Under Canon 3C(1)(d)(i) of the Code of Conduct for the United States Judges, a judge's impartiality might reasonably be questioned if they are a party to the proceeding. But if “[a] litigant with a case pending before a judge” responds to an adverse ruling by suing the judge, that judge is “not automatically disqualified from participating in other, unrelated cases involving the same litigant, whether they are filed before or after the complaint in which the judge is a defendant.” Committee on Codes of Conduct Advisory Opinion No. 103: Disqualification Based on Harassing Claims Against Judge (June 2009). “A complaint filed against a judge that is subject to prompt dismissal on judicial immunity grounds will not ordinarily give rise to a reasonable basis to question the judge's impartiality in unrelated cases filed against others by the same litigant.” Id. In this instance, “a nonmeritorious complaint, standing alone, will not lead reasonable minds to conclude that the judge is biased against the litigant or that the judge's impartiality can reasonably be questioned, and this will not require the judge to recuse.” Id. (emphasis added).

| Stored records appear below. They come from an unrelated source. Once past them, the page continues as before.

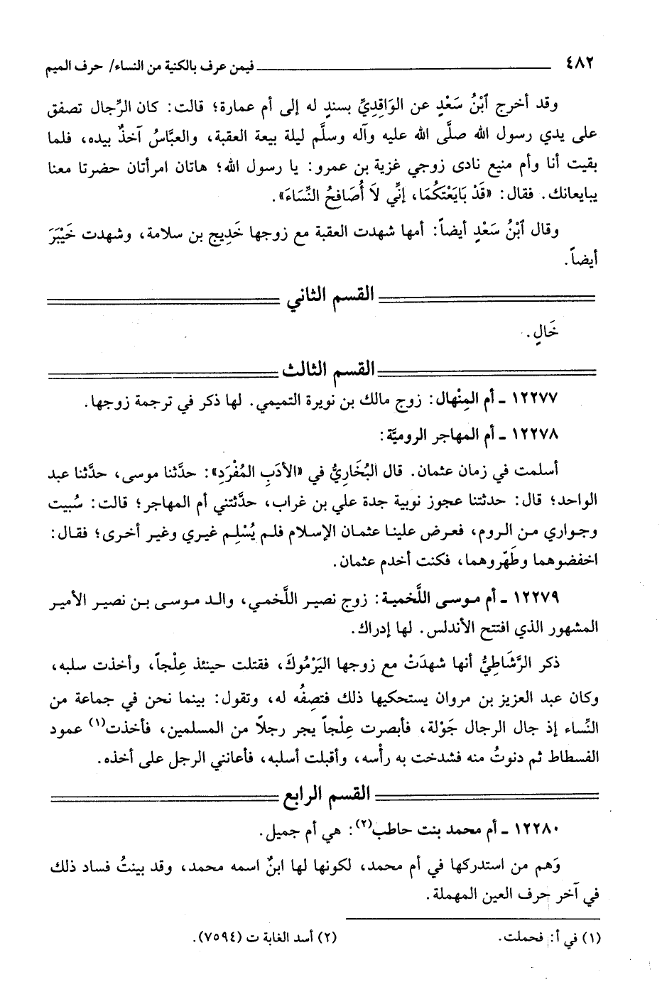 وهم من استدركها في أم محمد، لكونها لها ابن اسمه محمد، وقد بينت فساد ذلك في آخر حرف العين المهملة.
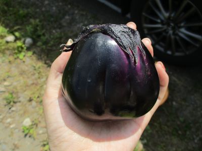 秋田を代表する鮮やかな紺色をした丸ナス。紺色が鮮やかで身も皮もしっかりしている。
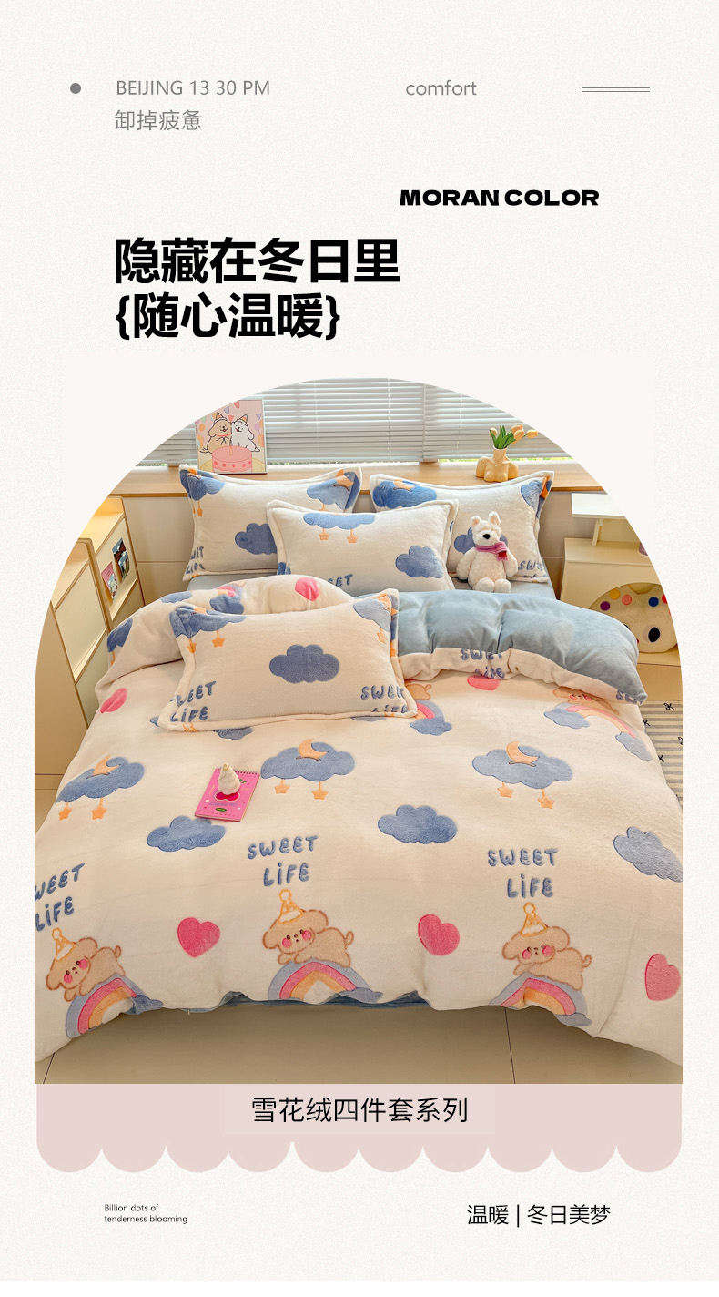 (总)慕尚家纺 2025新款豆豆绒刺绣四件套,大耳狗 白蓝,玫瑰 白粉
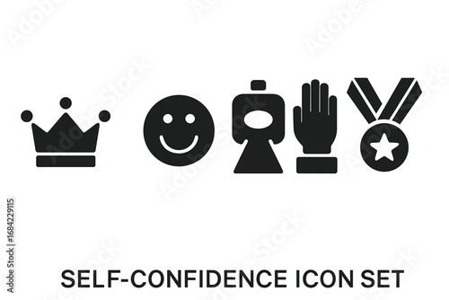 Self-confidence icon set with crown, smiley face, spotlight, raised hand, medal symbols, solid filled vector illustration, bold empowerment, achievement, positivity design
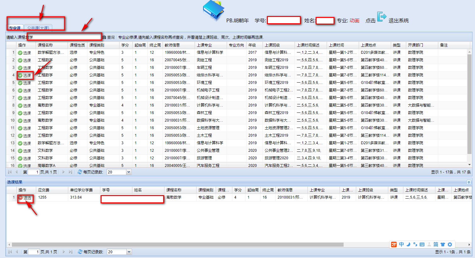 (2)用学号及密码登录后,系统有专业课,公共课(主要是英语、体育、高数等),在相应的地方输入课程名称(可以不输入全称,不要输课程的简称,如“大学计算机基础与计算思维”这门课输入简称“大基”查询不出课程,可以输入“计算机”、“计算思维”、“计算机基础”、“大学”等来查询,不要输入字母及字符)点查询,查询出课程后可根据自己的上课信息找到对应的记录点击“选课”即可选上课程,如果选错课则在选课结果中点击“退课”(已交过费的不能退课)。如果查询出来的课程较多,请进行翻页查找,如下图

Benshoof is frustrated by the Court's pace in dealing with the multiple motions in his other cases, including the Court's withholding of summonses for Benshoof's amended counterclaims pending judicial review. But “[j]udges and those performing judge-like functions are absolutely immune from damage liability for acts performed in their official capacities.” Ashelman v. Pope, 793 F.2d 1072, 1075 (9th Cir. 1986) (en banc). Thus, Benshoof's claims against the Court fall squarely within the scope of judicial immunity and will surely be dismissed.
As a result, the Court is not automatically required to recuse here even though Benshoof has named it as a defendant in a new case. Because reasonable minds would not question its impartiality under these circumstances, the Court declines to voluntarily recuse itself from this matter.
3. CONCLUSION
In sum, the undersigned DECLINES to recuse voluntarily. Benshoof's motion to disqualify, Dkt. No. 16, is REFERRED to United States District Chief Judge David Estudillo for decision.